Nous ne nous étendrons pas sur l'histoire, afin de vous laisser la surprise, mais attendez-vous à vous faire balader en beauté. Disons simplement ceci : deux amis se retrouvent après une longue séparation. L'un étant en couple avec l'ex de l'autre, les retrouvailles ne sont pas franchement au beau fixe. Après avoir refusé de payer leur course en taxi, les amis se retrouvent poursuivis par le conducteur, le mystérieux Driver, qui semble bien décidé à les faire s'acquitter de leur dette au centuple.

Photo Night Fare

Tout de suite, ce qui impressionne dans le film, c'est la qualité de la mise en scène de son fameux Driver. Séri l'aime manifestement beaucoup et tient à nous communiquer sa passion du personnage en lui réservant les plans les plus léchés, les plus icôniques. Filmé comme un super-héros, une force de la nature macabre, le terrible chauffeur impressionne et remplit tout à fait son contrat. Accompagné d'une composition électro envoûtante d'Alex Cortes, Night Fare paye son tribut à tout un pan du cinéma d'exploitation, Drive en tête, mais aussi Duel et Les Dents de la Mer. Et de ce point de vue, le film est une éclatante réussite.

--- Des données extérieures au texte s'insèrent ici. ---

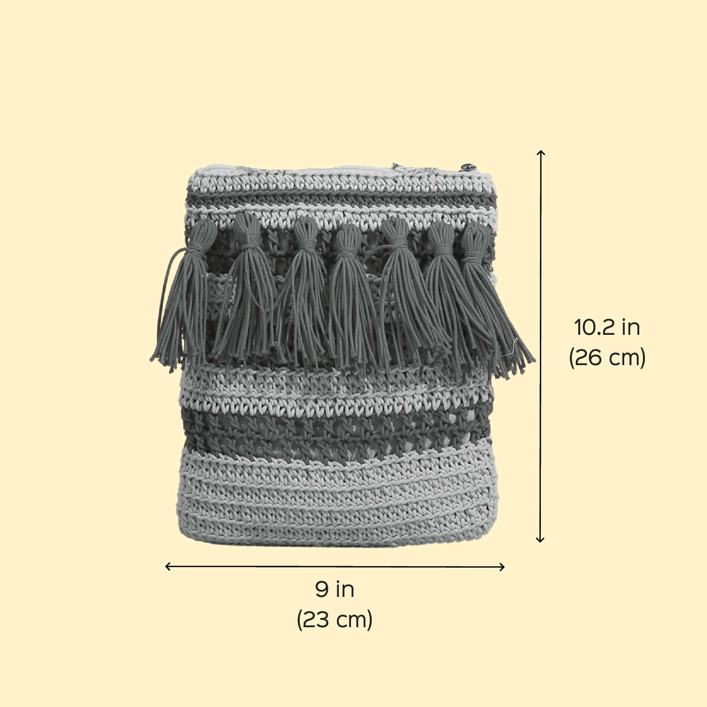 - Woven in striking red and white hues, it carries a playful spirit through its tasseled detailing.

Oui, le scénario n'est pas très profond ni original pour deux sous, oui, le casting est assez inégal, mais ce n'est pas le plus important. Avec Night Fare, Julien Séri nous offre un bon gros ride gorgé d'adrénaline et de violence outrancière comme on en voit trop rarement dans le cinéma français. Une approche décomplexée et assumée, un vrai plaisir de sale gosse.

Photo affiche Night Fare

Le problème se situe dans le fond du film, notamment dans sa dernière partie que nous ne dévoilerons pas. Sujette à de multiples interprétations, elle mérite cependant de n'être prise que pour ce qu'elle est, un twist qui s'inscrit dans un genre. Malheureusement, les récents évènements qu'a connu notre pays le teinte d'une couleur étrange, dérangeante et il convient de l'aborder avec la plus grande des précautions. Non pas que Séri s'embourbe dans un discours nauséabond, mais le recul n'étant pas encore suffisant, sa dernière partie s'avère problématique et plombe quelque peu notre jugement du film.

Quoi qu'il en soit, Night Fare mérite d'être défendu au-delà de son propos final pour le challenge qu'il représente. A l'heure où le cinéma de genre tire vraiment la tronche en France, où tout ce qui diverge du discours officiel est impitoyablement écarté de la place publique, il faut soutenir Night Fare pour ce qu'il est à la base : un gros film comic-book, sympathique et nanti d'un personnage charismatique et qui, à l'instar de Un Français et Made in France, se heurte à la frilosité de nos distributeurs puisque le film ne bénéficie que d'un parc honteux de 32 salles à travers le pays, dont une seule à Paris (au Publicis). Au-delà du propos polémique du film, on a surtout l'impression que le petit monde égotique du cinéma français ne pardonne pas à Séri de faire cavalier seul pour réaliser son rêve et le punit de façon impitoyable. Et rien que pour ça, on a envie de l'aimer et de pousser son travail.

Résumé

Série B soignée et parfois jubilatoire, Night Fare mérite d'être apprécié pour ce qu'il est et le défi qu'il représente, en dépit de ses réelles imperfections ou de son fond très discutable.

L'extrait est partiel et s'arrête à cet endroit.